*Prompt:* Look below for the line with "Оригинал Фарм, аптека". Extract that line and each one after it through the last, word for word.

─── Extracted material

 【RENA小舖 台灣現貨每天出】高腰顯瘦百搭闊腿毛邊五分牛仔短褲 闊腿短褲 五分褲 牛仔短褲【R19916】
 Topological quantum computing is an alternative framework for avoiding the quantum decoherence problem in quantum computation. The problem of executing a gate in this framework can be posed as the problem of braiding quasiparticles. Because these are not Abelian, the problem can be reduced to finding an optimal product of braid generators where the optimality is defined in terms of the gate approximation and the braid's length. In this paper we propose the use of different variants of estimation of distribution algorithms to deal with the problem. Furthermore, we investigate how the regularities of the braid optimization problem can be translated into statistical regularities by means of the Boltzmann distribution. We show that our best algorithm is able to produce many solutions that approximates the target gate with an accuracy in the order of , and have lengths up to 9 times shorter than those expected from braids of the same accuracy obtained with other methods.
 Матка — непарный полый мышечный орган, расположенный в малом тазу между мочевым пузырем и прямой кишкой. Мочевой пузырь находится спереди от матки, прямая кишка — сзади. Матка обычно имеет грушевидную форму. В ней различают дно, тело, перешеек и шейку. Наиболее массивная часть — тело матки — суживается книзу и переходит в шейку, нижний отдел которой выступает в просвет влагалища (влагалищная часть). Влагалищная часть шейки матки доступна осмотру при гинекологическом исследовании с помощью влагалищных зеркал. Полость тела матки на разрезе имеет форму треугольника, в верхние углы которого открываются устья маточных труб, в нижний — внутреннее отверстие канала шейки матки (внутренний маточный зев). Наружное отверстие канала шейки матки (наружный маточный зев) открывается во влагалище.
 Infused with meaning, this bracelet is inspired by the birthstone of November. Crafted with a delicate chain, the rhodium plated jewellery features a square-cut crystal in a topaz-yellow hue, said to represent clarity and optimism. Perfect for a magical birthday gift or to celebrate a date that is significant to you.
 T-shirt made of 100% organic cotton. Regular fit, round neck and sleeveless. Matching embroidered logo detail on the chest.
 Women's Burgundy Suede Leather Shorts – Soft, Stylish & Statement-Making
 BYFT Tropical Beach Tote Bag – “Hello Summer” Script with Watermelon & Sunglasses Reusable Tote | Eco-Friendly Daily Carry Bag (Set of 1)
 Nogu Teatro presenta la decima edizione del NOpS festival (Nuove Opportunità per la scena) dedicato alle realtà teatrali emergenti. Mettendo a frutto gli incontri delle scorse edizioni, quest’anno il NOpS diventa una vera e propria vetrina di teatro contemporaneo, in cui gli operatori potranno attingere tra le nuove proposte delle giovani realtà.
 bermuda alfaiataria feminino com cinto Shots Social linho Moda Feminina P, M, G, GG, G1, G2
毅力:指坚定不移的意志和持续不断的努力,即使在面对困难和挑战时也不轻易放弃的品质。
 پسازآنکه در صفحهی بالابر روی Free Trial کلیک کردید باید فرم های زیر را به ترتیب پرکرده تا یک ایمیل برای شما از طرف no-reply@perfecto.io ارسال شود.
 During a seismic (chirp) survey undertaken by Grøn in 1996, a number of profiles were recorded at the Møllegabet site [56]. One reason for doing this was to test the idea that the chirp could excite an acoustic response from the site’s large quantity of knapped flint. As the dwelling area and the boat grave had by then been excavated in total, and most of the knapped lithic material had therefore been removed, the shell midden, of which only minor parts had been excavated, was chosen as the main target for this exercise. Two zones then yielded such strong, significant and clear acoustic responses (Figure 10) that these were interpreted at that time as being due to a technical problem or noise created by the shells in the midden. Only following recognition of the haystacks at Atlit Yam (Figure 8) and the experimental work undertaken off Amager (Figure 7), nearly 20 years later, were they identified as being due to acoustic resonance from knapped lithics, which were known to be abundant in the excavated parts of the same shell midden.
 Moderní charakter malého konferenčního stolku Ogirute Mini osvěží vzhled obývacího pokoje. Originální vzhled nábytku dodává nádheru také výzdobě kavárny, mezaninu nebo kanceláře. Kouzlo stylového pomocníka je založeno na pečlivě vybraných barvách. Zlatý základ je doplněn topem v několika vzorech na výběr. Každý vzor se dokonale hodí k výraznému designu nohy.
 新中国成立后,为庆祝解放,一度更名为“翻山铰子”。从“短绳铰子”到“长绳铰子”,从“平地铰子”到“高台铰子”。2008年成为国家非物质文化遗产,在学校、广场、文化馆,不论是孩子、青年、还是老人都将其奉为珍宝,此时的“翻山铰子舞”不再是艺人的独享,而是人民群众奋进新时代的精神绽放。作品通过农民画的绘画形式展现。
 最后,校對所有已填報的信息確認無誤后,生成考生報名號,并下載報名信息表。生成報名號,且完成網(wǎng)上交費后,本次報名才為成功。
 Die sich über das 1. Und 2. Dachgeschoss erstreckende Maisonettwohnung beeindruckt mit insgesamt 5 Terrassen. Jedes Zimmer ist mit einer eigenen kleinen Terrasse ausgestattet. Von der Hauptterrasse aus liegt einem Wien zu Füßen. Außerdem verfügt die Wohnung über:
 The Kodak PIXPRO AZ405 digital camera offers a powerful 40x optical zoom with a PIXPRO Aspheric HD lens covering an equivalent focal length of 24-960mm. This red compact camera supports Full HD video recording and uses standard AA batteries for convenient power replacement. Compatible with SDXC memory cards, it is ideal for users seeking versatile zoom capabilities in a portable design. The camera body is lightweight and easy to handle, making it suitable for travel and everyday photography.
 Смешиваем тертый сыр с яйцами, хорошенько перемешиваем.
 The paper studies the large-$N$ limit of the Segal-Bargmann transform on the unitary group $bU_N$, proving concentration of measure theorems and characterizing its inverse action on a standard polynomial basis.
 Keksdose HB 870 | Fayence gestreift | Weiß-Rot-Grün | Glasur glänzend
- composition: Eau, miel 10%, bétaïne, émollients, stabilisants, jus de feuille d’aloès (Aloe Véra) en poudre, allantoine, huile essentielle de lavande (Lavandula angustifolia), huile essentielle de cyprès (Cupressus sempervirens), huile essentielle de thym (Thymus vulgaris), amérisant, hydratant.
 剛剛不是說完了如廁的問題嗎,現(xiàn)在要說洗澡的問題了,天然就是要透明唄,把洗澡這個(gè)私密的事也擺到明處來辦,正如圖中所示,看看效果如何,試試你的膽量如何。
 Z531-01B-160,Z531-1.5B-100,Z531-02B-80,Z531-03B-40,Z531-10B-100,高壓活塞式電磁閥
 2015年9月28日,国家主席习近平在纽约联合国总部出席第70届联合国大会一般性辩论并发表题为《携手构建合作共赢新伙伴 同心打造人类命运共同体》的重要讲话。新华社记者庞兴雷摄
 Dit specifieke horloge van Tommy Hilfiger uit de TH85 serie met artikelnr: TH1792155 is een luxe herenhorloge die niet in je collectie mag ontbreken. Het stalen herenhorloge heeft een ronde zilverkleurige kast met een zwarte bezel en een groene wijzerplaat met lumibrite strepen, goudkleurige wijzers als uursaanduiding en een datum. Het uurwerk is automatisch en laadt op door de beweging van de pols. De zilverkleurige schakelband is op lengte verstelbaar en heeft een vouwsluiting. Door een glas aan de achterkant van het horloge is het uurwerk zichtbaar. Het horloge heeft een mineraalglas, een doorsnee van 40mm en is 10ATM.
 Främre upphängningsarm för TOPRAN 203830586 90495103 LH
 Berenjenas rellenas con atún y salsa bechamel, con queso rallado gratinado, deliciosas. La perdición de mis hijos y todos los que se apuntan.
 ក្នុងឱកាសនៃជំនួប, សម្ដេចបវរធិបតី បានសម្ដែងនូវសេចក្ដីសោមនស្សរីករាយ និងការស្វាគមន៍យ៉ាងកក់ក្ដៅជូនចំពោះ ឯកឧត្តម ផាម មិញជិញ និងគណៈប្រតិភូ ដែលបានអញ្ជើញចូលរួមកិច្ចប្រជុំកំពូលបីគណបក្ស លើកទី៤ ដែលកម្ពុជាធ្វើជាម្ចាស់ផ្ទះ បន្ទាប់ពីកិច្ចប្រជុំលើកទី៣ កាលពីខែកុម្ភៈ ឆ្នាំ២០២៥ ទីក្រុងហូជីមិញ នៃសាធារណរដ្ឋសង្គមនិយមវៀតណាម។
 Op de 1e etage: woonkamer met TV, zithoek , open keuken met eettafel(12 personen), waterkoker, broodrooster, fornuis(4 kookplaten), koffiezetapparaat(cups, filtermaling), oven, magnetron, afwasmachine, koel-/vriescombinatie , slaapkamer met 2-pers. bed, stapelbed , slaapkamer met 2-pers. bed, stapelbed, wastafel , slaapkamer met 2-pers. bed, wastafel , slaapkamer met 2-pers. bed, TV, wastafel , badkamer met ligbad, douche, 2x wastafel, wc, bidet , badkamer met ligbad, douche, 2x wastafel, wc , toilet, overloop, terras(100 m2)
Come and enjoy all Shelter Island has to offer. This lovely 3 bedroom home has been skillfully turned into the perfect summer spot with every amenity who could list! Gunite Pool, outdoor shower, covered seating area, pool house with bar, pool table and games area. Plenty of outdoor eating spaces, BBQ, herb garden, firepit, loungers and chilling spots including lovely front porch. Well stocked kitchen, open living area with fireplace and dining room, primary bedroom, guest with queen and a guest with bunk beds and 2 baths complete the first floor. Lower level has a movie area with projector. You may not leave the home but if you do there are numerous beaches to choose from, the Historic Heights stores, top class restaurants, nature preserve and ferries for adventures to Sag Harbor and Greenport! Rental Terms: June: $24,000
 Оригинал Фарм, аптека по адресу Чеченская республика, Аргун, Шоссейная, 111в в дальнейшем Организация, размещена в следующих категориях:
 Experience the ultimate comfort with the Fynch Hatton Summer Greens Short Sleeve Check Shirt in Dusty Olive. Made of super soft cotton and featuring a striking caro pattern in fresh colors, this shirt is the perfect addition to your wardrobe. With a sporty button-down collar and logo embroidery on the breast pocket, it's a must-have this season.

──────

*Response box:*
 Оригинал Фарм, аптека по адресу Чеченская республика, Аргун, Шоссейная, 111в в дальнейшем Организация, размещена в следующих категориях:
 Experience the ultimate comfort with the Fynch Hatton Summer Greens Short Sleeve Check Shirt in Dusty Olive. Made of super soft cotton and featuring a striking caro pattern in fresh colors, this shirt is the perfect addition to your wardrobe. With a sporty button-down collar and logo embroidery on the breast pocket, it's a must-have this season.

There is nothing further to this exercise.